The service also tries to make space by freeing memory for any new guest that is to be migrated to the host. Notably, this service does not do anything to resolve hotspots. It just tries to balance memory amongst the guests present on the host. Hotspot mitigation is left to the migration service. If there is a hotspot, some guest(s) may get migrated out of the host, leaving free memory for other VMs.

The memory management requires a separate service while CPU management does not. There are two reasons for this.

1.
vCPU of each VM is handled as a thread by the hypervisor and hence scheduled according to its process scheduling policy, while there is no such system for memory.
2.
Memory, once consumed by a VM, is not reclaimed automatically by the hypervisor, while this is not the case with the CPU resources. Each vCPU thread gets a time slice to run which is decided by the hypervisor and the CPU is taken away from the thread after the time slice ends.

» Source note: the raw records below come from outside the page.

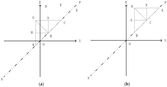 Extensions of the triangle ABC for TIPS. (a) Left extension; (b) Right extension.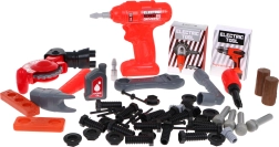 Rinkinio turinys (pasirinktinai iš 78 vnt.): lagaminėlis, stovas, gręžtuvas/atsuktuvas su keičiamomis galvutėmis, pjūklelis, plaktukas, kryžminis atsuktuvas, vamzdinis ir reguliuojamas raktai, medinės detalės, varžtai, veržlės, lipdukai ir kiti priedai.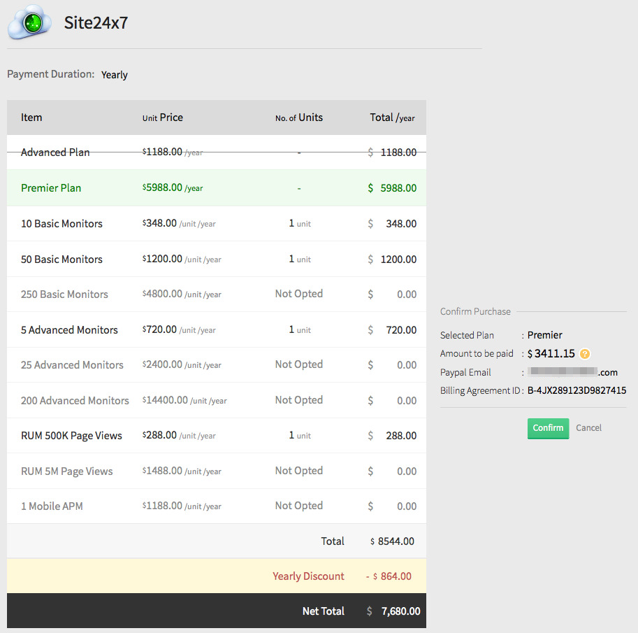 Site24x7 supports payment via Credit Card, PayPal and Purchase Order (PO).

3.3.3 The Migration Service

This service runs on all the hosts and is triggered by the monitoring service when there is a hotspot on the host. It collects the resource usage statistics of all the other hosts in the cluster from the data-store to which the monitoring services of all the hosts write. This data would be just a few key-value pairs per host and hence, very small. Using this data (and some other), it tries to find out the best migration (guest VM-destination host pair) performing which will improve some metric representing the resource requirement satisfaction or the overall performance of the VMs on the cluster. The service talks to the memory balancing service on the destination host to free required memory for the incoming guest, and then it migrates the guest to the destination. The migration service requires resource usage details of the entire cluster to make an informed decision on migration.

Summary

In this chapter, we have discussed the functions and goals of a DRS. We have also proposed a decentralized architecture for DRS which can scale well and is free of single point failures.